Weiß jemand was man da machen kann, damit das nicht mehr auftritt, wenn ich dann neu starte, funktionierts wieder.


----------



## Geeeee (28. Jul 2010)

PermSize (und MaxPermSize) einstellen.
Hatte das Problem auch vor einiger Zeit beim Tomcat und mehreren Anwendungen, die immer wieder neu reingeladen wurden und dann auch zu o.g. Fehlern führten.


----------



## Generic1 (28. Jul 2010)

Könntest Du mir kurz schreiben, wo du das eingestellt hast.

Wenn man den Speicher erhöht dann dauerts halt länger, das der Fehler kommt, sehe ich das richtig so?


----------



## maki (28. Jul 2010)

Die Einstellungen machst du in der eclipse.ini wenn es um die IDE Einstellungen geht, oder in der Run Configuration wenn es nur um die JBoss Einstellungen geht.


----------



## bygones (28. Jul 2010)

Generic1 hat gesagt.:


> Könntest Du mir kurz schreiben, wo du das eingestellt hast.
> 
> Wenn man den Speicher erhöht dann dauerts halt länger, das der Fehler kommt, sehe ich das richtig so?
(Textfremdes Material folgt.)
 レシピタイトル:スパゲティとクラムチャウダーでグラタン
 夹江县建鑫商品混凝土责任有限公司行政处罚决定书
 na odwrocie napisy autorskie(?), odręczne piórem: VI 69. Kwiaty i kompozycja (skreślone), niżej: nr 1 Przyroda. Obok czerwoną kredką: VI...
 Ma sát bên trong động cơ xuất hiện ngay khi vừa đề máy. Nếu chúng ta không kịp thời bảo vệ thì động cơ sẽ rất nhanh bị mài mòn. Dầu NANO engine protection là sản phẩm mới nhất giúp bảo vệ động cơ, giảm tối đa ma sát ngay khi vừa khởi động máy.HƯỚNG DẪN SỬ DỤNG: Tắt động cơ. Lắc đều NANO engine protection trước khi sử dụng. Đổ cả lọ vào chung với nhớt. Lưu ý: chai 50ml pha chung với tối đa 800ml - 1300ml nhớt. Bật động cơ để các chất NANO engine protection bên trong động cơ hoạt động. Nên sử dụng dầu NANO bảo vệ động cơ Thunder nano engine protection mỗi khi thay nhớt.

wenn du genug speicher eingestellst hast ist die dauer auch mal unendlich


----------



## Wildcard (28. Jul 2010)

maki hat gesagt.:


> Die Einstellungen machst du in der eclipse.ini wenn es um die IDE Einstellungen geht


Das ist eigentlich nur bei Oracle JRE 1.6.0_21 nötig und auch da nur bei älteren Builds (hatte damit zu tun das der Vendor Name der JRE von Sun auf Oracle geändert wurde).


----------



## gman (28. Jul 2010)

> Das ist eigentlich nur bei Oracle JRE 1.6.22 nötig und auch da nur bei älteren Builds (hatte damit zu tun das der Vendor Name der JRE von Sun auf Oracle geändert wurde).
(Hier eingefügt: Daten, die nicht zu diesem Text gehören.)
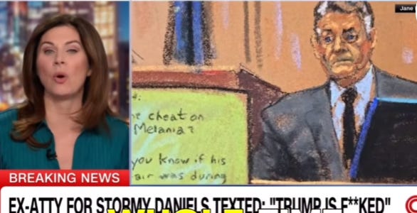 Court resumes at 9:30 Thursday morning, with more contempt, more Keith Davidson, more Trump naps, and more surprise witnesses! Can’t wait! In the meantime today Trump is headed to Wisconsin and Michigan, to try to win over whoever is somehow still undecided by saying what will surely be some very stable genius words.
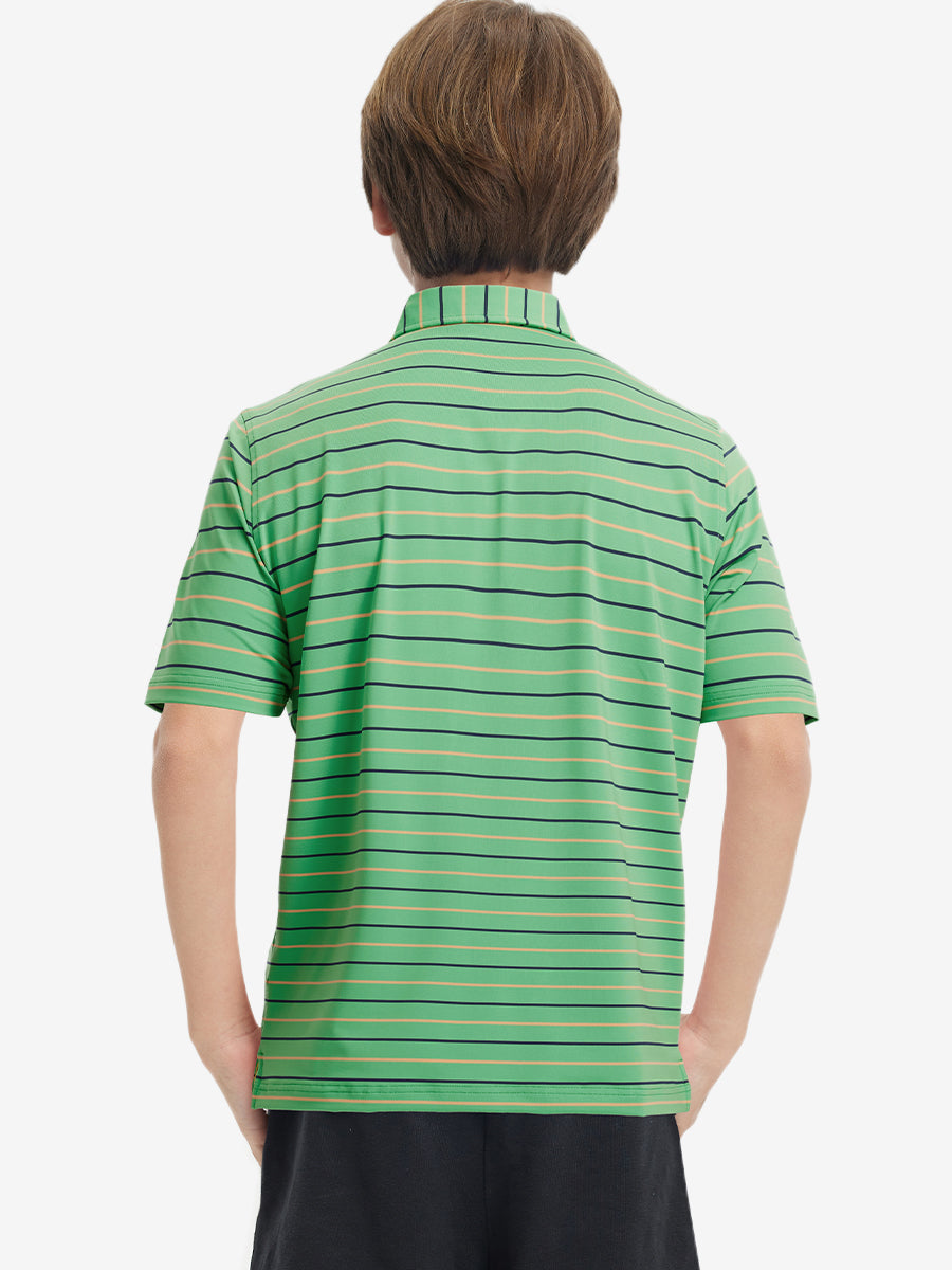 Presentamos nuestros polos a rayas modernos para niños. Hechos de una mezcla de poliéster y elastano de alta calidad, estos polos suaves, agradables para la piel y ligeros mantienen a tus pequeños frescos y secos en climas cálidos. Con tela elástica en 4 direcciones y un teñido de primera calidad, esta vibrante camiseta de golf juvenil se mantiene duradera lavado tras lavado, perfecta para niños activos que aman jugar.

Das hat nichts mit dem vom Threadstarter beschriebenen Fehler zu tun, den gibt es nämlich schon 
länger. 

@Threadstarter:

Hier findest du mehr Informationen warum der Fehler auftritt. Leider wird (mir) daraus nicht so ganz ersichtlich 
wie man das Problem richtig löst/umgeht.

Um das Problem abzumildern musst du die PermGenSpace-Größe in der RUN-Konfiguration hochdrehen.
Ich weiß jetzt nicht auswendig mit welchem Parameter, einfach mal nach "PermGenSpace" googeln.


----------



## Wildcard (28. Jul 2010)

gman hat gesagt.:


> Das hat nichts mit dem vom Threadstarter beschriebenen Fehler zu tun, den gibt es nämlich schon
> länger.


Siehe quote, die Antwort bezieht sich auf den Tipp mit der eclipse.ini


----------



## gman (29. Jul 2010)

Oh stimmt, hab ich übersehen.


----------